**Collected material**
BEGIN

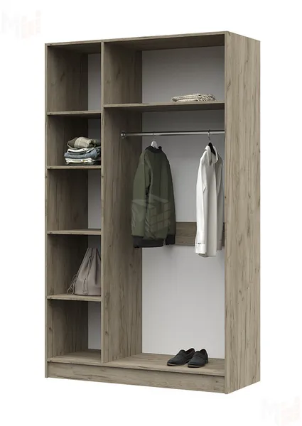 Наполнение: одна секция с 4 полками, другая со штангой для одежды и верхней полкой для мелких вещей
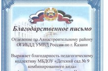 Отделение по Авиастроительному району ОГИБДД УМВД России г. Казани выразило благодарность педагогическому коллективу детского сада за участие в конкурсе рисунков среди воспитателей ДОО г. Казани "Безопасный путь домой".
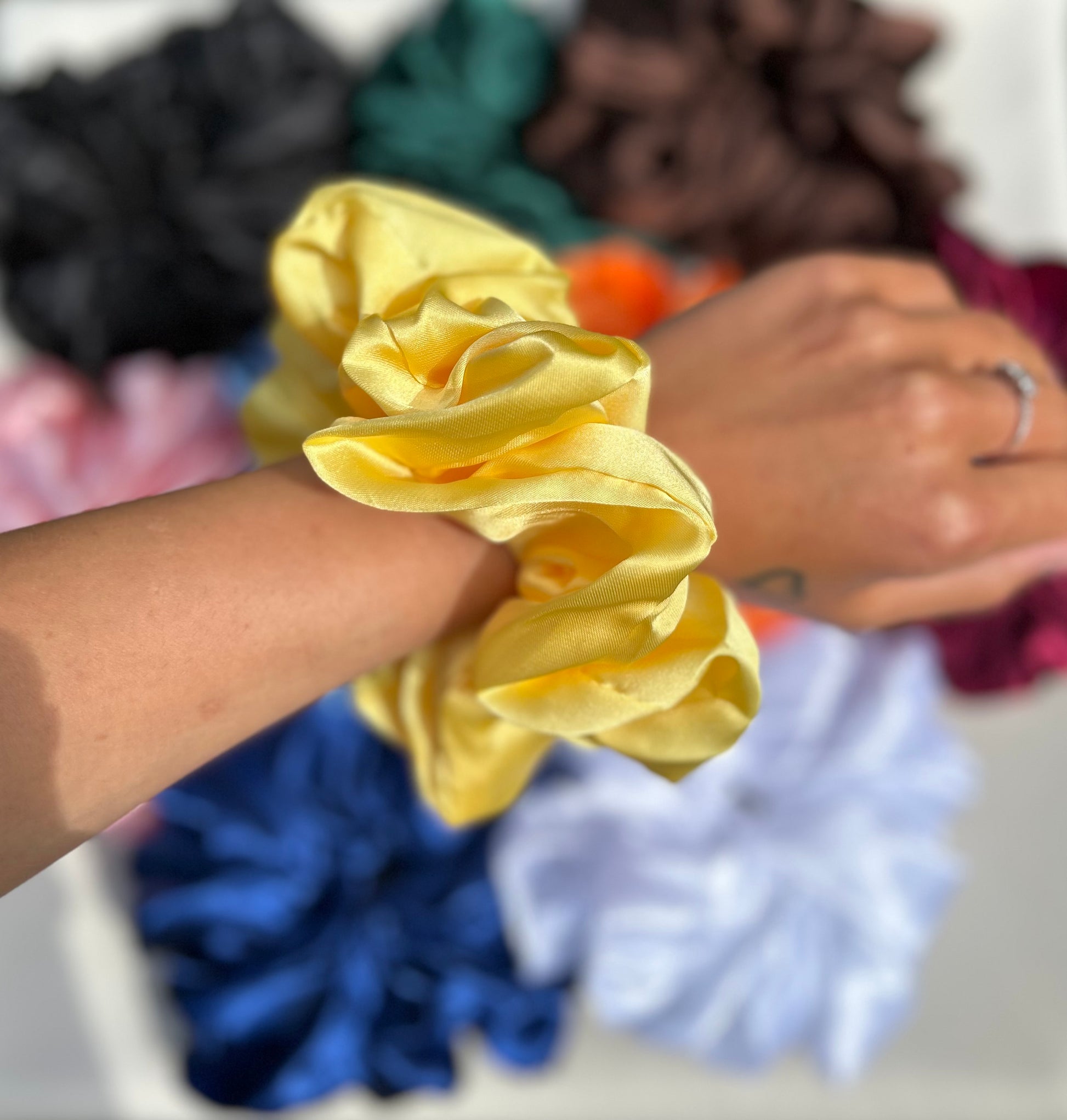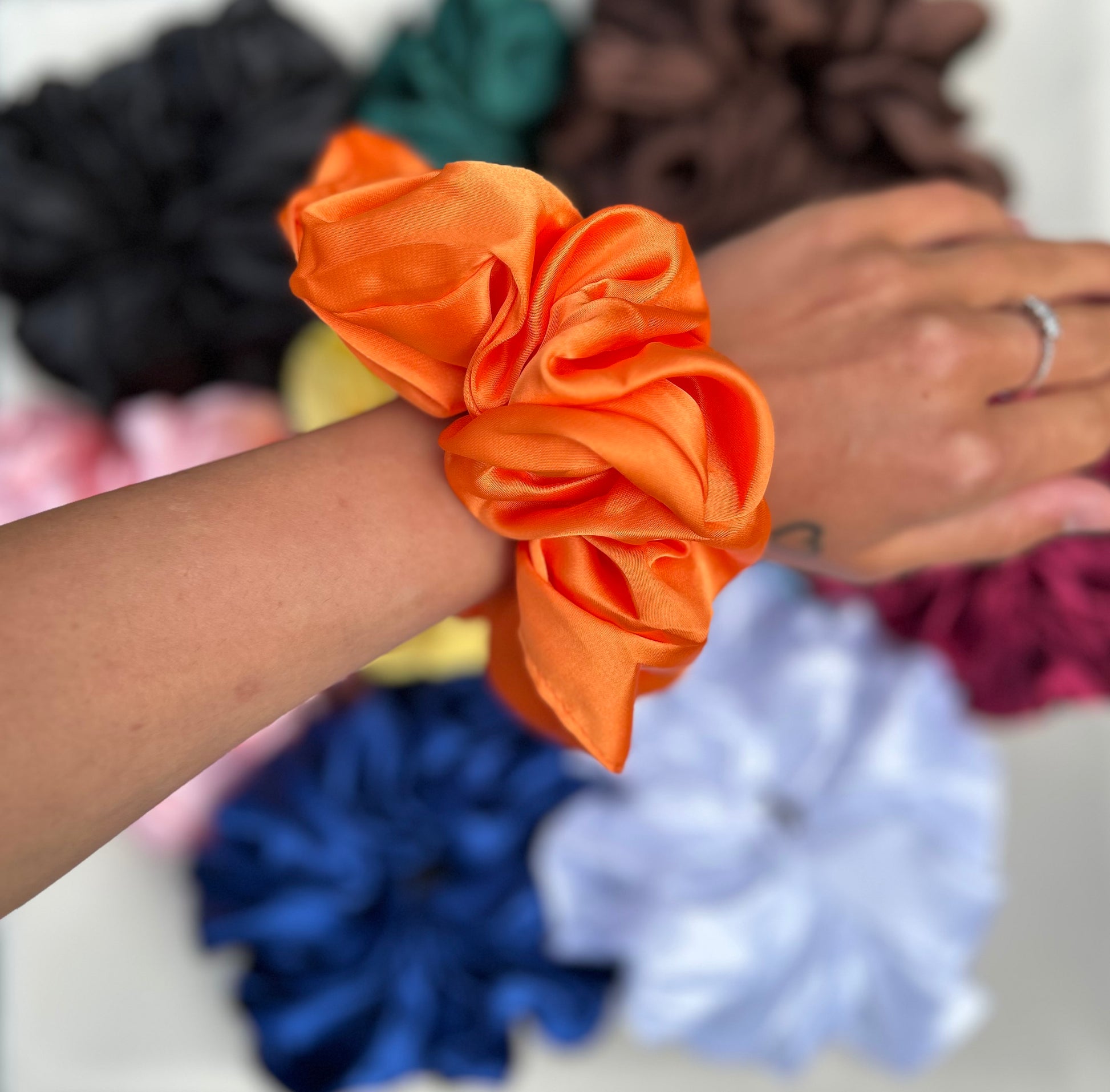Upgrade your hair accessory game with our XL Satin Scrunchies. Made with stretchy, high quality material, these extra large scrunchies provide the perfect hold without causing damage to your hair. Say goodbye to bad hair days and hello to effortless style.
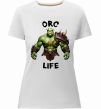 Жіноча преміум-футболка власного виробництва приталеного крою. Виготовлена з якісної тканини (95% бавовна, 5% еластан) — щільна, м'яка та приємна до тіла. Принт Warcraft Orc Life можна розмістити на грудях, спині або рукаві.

END

**Problem requirements**
Copy out the data verbatim, excluding the pictures.

**Task answer**
 Наполнение: одна секция с 4 полками, другая со штангой для одежды и верхней полкой для мелких вещей
 Отделение по Авиастроительному району ОГИБДД УМВД России г. Казани выразило благодарность педагогическому коллективу детского сада за участие в конкурсе рисунков среди воспитателей ДОО г. Казани "Безопасный путь домой".
Upgrade your hair accessory game with our XL Satin Scrunchies. Made with stretchy, high quality material, these extra large scrunchies provide the perfect hold without causing damage to your hair. Say goodbye to bad hair days and hello to effortless style.
 Жіноча преміум-футболка власного виробництва приталеного крою. Виготовлена з якісної тканини (95% бавовна, 5% еластан) — щільна, м'яка та приємна до тіла. Принт Warcraft Orc Life можна розмістити на грудях, спині або рукаві.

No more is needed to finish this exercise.